Law is politics

Published November 29, 2019
The writer teaches at Quaid-i-Azam University, Islamabad.
The writer teaches at Quaid-i-Azam University, Islamabad.

THE Prussian general von Clausewitz famously said ‘war is politics by other means’. We in Pakistan understand this better than most, notwithstanding the refrain of those who claim to defend the physical and ideological frontiers of the country that theirs is a vocation totally divorced from political interests.

There is another vocation which its practitioners also claim is untainted by politics. This is the profession and practice of law, and over the past few days the highest court of law in the land has been in the spotlight, claiming to uphold the highest principles of impartiality in the matter of the army chief’s tenure extension.

At the end of the day, the Supreme Court’s decision to take up the issue concluded predictably; many feathers were ruffled, the media and chattering classes speculating furiously for days on end, but ultimately the status quo was not decisively undermined.

Certainly Pakistan’s beleaguered progressive, democratic community was able to live vicariously through the proceedings. The chief justice said that he was subject to taunts and accusations of being a CIA agent, working to promote an Indian ‘agenda’ — perhaps this gives one a sense of what many who speak truth to power face. He gave further voice to many dissident thoughts when decrying the virtual immunity of ‘cantonments’ from legal accountability.

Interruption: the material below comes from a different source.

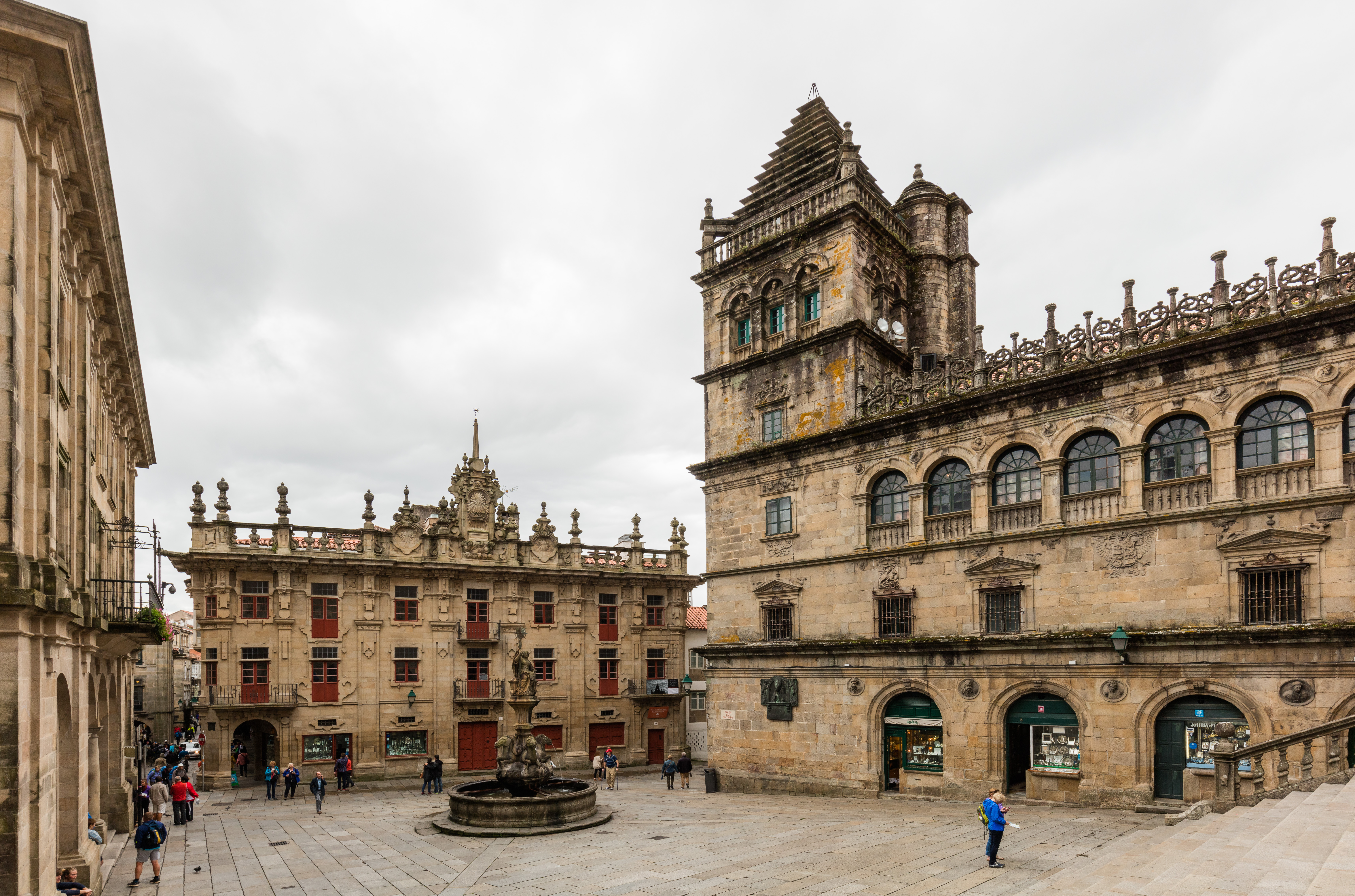 Platerias square, Santiago de Compostela, Spain.
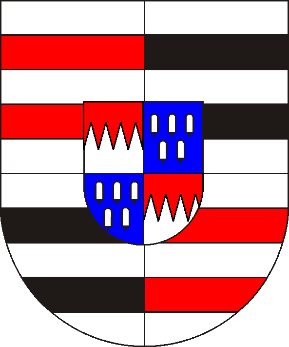 coats of arms of Isenburg-Meerholz till 1774 1,4: county of Nieder-Isenburg; 2,3: county of Ober-Isenburg; heart: county of Limpurg

The law has always been a political instrument around the world.

This has happened before. The current Supreme Court follows in the traditions established at the tail end of the Musharraf dictatorship, when chief justice Iftikhar Chaudhry famously became the poster child of a movement led by the legal fraternity.

In those heady times, much more daring language was used against both the Musharraf regime and the military establishment more generally, by the bench, bar, and what at the time was a fledgling private TV media. But things changed quickly, as they do in Pakistan, and by 2010 the superior judiciary was spearheading accountability drives in a more familiar vein, ‘corrupt’ and even ‘disloyal’ politicians subjected to inten­­se scrutiny through cases such as Memogate. Fast forward another few years and two elected prime ministers had been disqualified from their posts by the apex court.

To put it politely, this a long story, with many junctures, the tone being set in the country’s first decade: in 1954 the Federal Court provided legal cover to the dissolution of Pakistan’s first constituent assembly and in 1958 it concocted the abominable ‘doctrine of revolutionary necessity’. Indeed, an objective analysis of the history of the law in Pakistan — both letter and spirit — involves recognising its colonial genesis. The British, like their successors in many spheres of statecraft, claimed the law to be the embodiment of a higher, rational spirit. But in truth it was a hegemonic construct, selectively ap­­p­lied, arguably the primary ideological justification for 200 years of colonial bondage.

In short, to slightly tweak von Clausewitz, law is politics by others means.

In the prosaic narrative of modernity, the law transcends prejudice and personalised rule. In the story of actually existing modernity, the law has always been a political ins­t­rument around the world, and always will be, because it is in the name of the law that the modern state claims to defend the people.

The Supreme Court’s taking up the matter of the army chief’s extension doesn’t hurt Pakistan’s polity, the cause of democracy or the country’s 220 million people. But the question must be asked: what about the many other excesses that take place in the proverbial cantonment? Why does the law not intervene there?

In fact, the law continues to be used as a big stick by unrepresentative and often dictatorial administrators at all levels of our society. Apart from the proceedings in Court Room No. 1 over the past few days, another type of politics — hopeful, transformative and of meaning to many more ordinary Pakistanis — was screaming to have its voice heard in the face of the law’s decidedly dark side.

Thousands of young people will march across Pakistani cities today as part of the Student Solidarity March. They will be dem­anding an unbanning of student unions — one of the many legally enshrined legacies of the Zia dictatorship — and a decriminalisation of political speech and assembly on college and university campuses across the country.

In the days leading up to the march, adm­i­nistrators at Balochistan University and Pun­jab University have issued notifications banning all political gatherings and rusticating students respectively. All in the name of the law.

It was noted in the recent hearing that the army chief was bound by office to refrain from political activities. Were young Pakis­tanis that represent our future, 140m-strong, gran­ted their constitutional right to engage in political activity, we would take one step towards decolonising our law and politics. They are, after all, two sides of the same coin.

The writer teaches at Quaid-i-Azam University, Islamabad.